On 02/24/2015 07:40 PM, Leonardo Collado Torres wrote:
> Related to my post on a separate thread
> (https://stat.ethz.ch/pipermail/bioc-devel/2015-February/006978.html),
> I think that if 'which' is not being reduced by default, a simple
> example showing the effects of this could be included in the functions
> that have such an argument. Also note that 'reducing' could lead to
> unintended results.
>
> For example, in the help page for GenomicAlignments::readGAlignments,
> after the 'gal4' example it would be nice to add something like this:
>
>
> ## Note that if overlapping ranges are provided in 'which'
> ## reads could be selected more than once. This would artificually
> ## increase the coverage or affect other downstream results.
> ## If you 'reduce' the ranges, reads that originally overlapped
> ## two disjoint segments will be included.
>
> which_dups <- RangesList(seq1=rep(IRanges(1000, 2000), 2),
> seq2=IRanges(c(100, 1000), c(1000, 2000)))

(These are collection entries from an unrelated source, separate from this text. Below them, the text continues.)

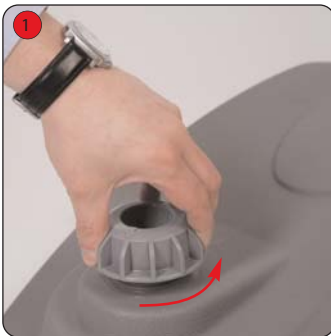
Unscrew the base cap.
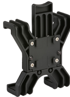
SMALL CRADLE MOUNT
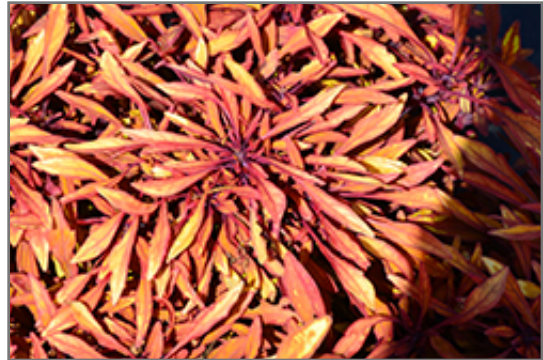
Fancy Feathers Copper Coleus foliage

Fancy Feathers Copper Coleus is recommended for the following landscape applications;
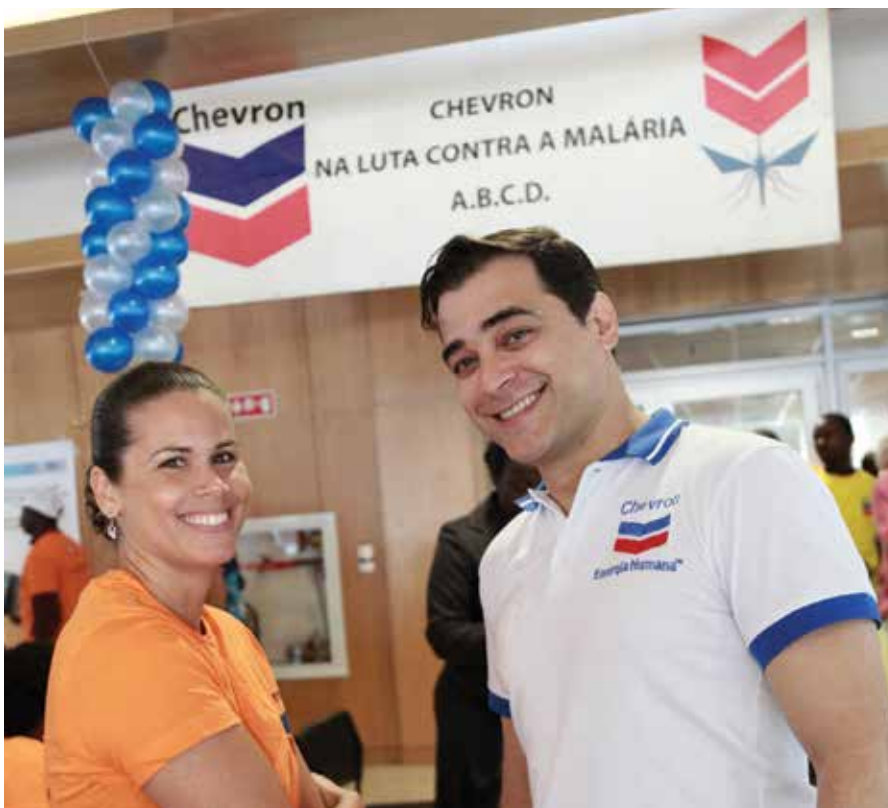
Chevron promotes activities that support Angolan government efforts to control, prevent and eliminate malaria in the country.

The goal of this four-year, US$4 million project is to reduce the effects of sickle cell anemia (SCA) disease in Angola through improved diagnosis, testing and treatment. The program tests new born babies, provides preventive and curative treatment and patient and family consultation, and helps train healthcare workers in the diagnosis and treatment of the disease.

> param_dups <- ScanBamParam(which=which_dups)
> param_reduced <- ScanBamParam(which=reduce(which_dups))
> gal4_dups <- readGAlignments(bamfile, param=param_dups)
> gal4_reduced <- readGAlignments(bamfile, param=param_reduced)
>
>
> length(gal4)
>
> ## Duplicates some reads. In this case, all the ones between
> ## bases 1000 and 2000 on seq1.
> length(gal4_dups)
>
> ## Includes some reads that mapped around base 1000 in seq2
> ## that were excluded in gal4.
> length(gal4_reduced)
>
>
>
>
>
>
>
>
> Here's the output:
>
>
>
>> library('GenomicAlignments')
>>
>> ## Code already included in ?readGAlignments
>> bamfile <- system.file("extdata", "ex1.bam", package="Rsamtools",
> + mustWork=TRUE)
>> which <- RangesList(seq1=IRanges(1000, 2000),
> + seq2=IRanges(c(100, 1000), c(1000, 2000)))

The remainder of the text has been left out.